New interests and activities during a pandemic
In addition to exploring arts, culture and heritage participation by the public during the pandemic, as well as the media consumption patterns of Irish people during the height of the emergency, DHR Communications, with Amárach Research, also sought to better understand how people have been spending their time during the last six months. Unsurprisingly, with the availability of certain leisure activities – such as international travel and in-person socialising – greatly reduced, as well a much increased number of adults of out work, Irish people discovered a variety of new interests and activities with which to fill their time during the last six months.
A total sample of 1,149 was achieved with quotas set on gender, age, social class and region to achieve a sample aligned with national population. Field work was conducted between Wednesday, 7th and Friday, 9th October, with the research concerning itself with the period of the last six months.

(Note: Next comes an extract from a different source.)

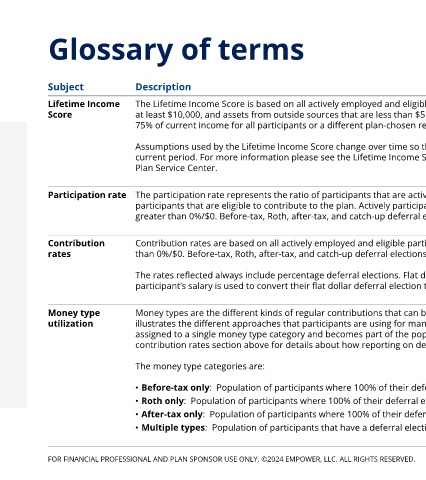 Lifetime Income The Lifetime Income Score is based on all actively employed and eligible participants that meet the following criteria: Date of birth on file, valid annual salary of
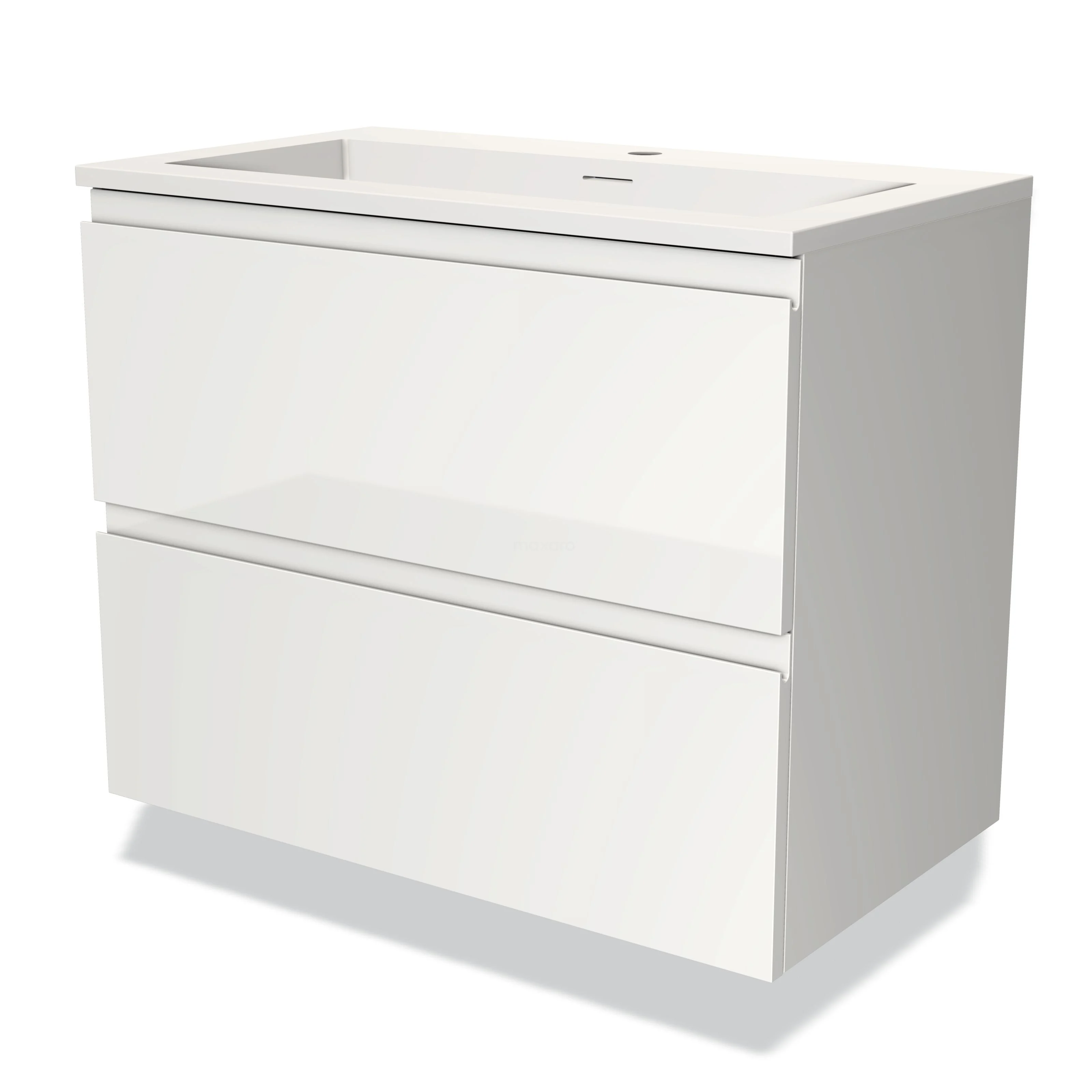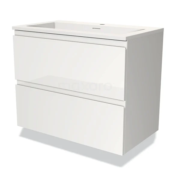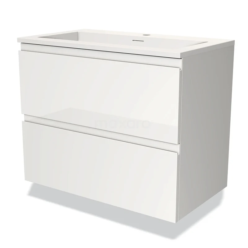 Modulo Bathroom furniture with sink | 80 cm High-gloss white Handle-less front Solid surface 2 Stacked drawers

Key findings and analysis now follow:
- In the last six months, 70 per cent of Irish adults have taken up a new interest:
- 47 per cent have spent more time outdoors (walking, etc).
- 22 per cent have begun listening to podcasts.
- 20 per cent have taken up reading.
- 12 per cent have found a new artistic pursuit (writing, painting, photography).
- 11 per cent have begun using TikTok.
- 7 per cent have developed a new interest in history and heritage (eg researching family history, exploring biodiversity).
- 5 per cent have started sea swimming or fishing.
As one might reasonably expect, spending time outdoors topped the poll. The period surveyed saw generally good weather and an opportunity to meet with friends and family in the open air, in a more public health compliant manner, particularly as the most severe level of restrictions was eased.
Irish people already demonstrate a strong appetite for podcasts, with this year’s Reuters Digital News Report showing listenership growing to 40 per cent among adults. DHR and Amárach’s findings bear this out further. Given that so much of daily life has moved to virtual settings – specifically over video – podcasts might offer some reprieve from screentime, which has surely increased exponentially since the pandemic began.
That said, it is heartening that a fifth (20 per cent) of Irish adults have returned to the written word, and discovered [or rediscovered] reading. From the extensive sharing and resharing of quotes by the likes of Seamus Heaney, WB Yeats and Derek Mahon during the height of the first lockdown, literature and poetry have been widely turned to, as a source of solace and comfort amidst the hardship of the past six months. As well as consuming the arts, more than a tenth (12 per cent) of Irish adults took up a creative pursuit.
Although the short-form video-sharing app TikTok is largely seen as the domain of Gen-Z, that has not stopped more than a tenth (11 per cent) of Irish adults using the last six months to get to grips with the platform. According to an IPSOS MRBI study from the start of this year, TikTok is used by more than 90,000 Irish people (over the age of 15) daily.
Finally, a widely publicised and newly-found interest in sea swimming seems to be reflected to some degree in the findings, with five per cent of those surveyed saying they took it (or some other water-based activity, such as fishing) up during the last six months.
As part of the Amárach Public Opinion Tracker for Department of Health, the ‘Worry Index’ monitors the extent to which people are personally worried about the coronavirus, for roughly the same period of time as that which DHR’s findings relate to. Measured on a scale of 1 to 10, the index jumped from 5.6 to 7.3 in the space of two weeks in March, following an undulating decline throughout the first lockdown, before bottoming out in mid June at 5.2, after which it begins to rise again.
Similarly, the same Tracker monitors the emotional wellbeing of the country in terms of worry, anxiety, boredom, stress and frustration, among other, more positive indicators. Many of these indicators follow a similar pattern, fluctuating the most during the first lockdown, declining with the easing of restrictions and increasing alongside the rise in cases and restrictions more recently.
Overall, and while more in-depth research would be required to more concretely bear this out, DHR’s findings go some way in offering insight into how Irish people chose to spend their time during such a fraught and difficult period, as well the interests and activities that were turned to in search of reprieve.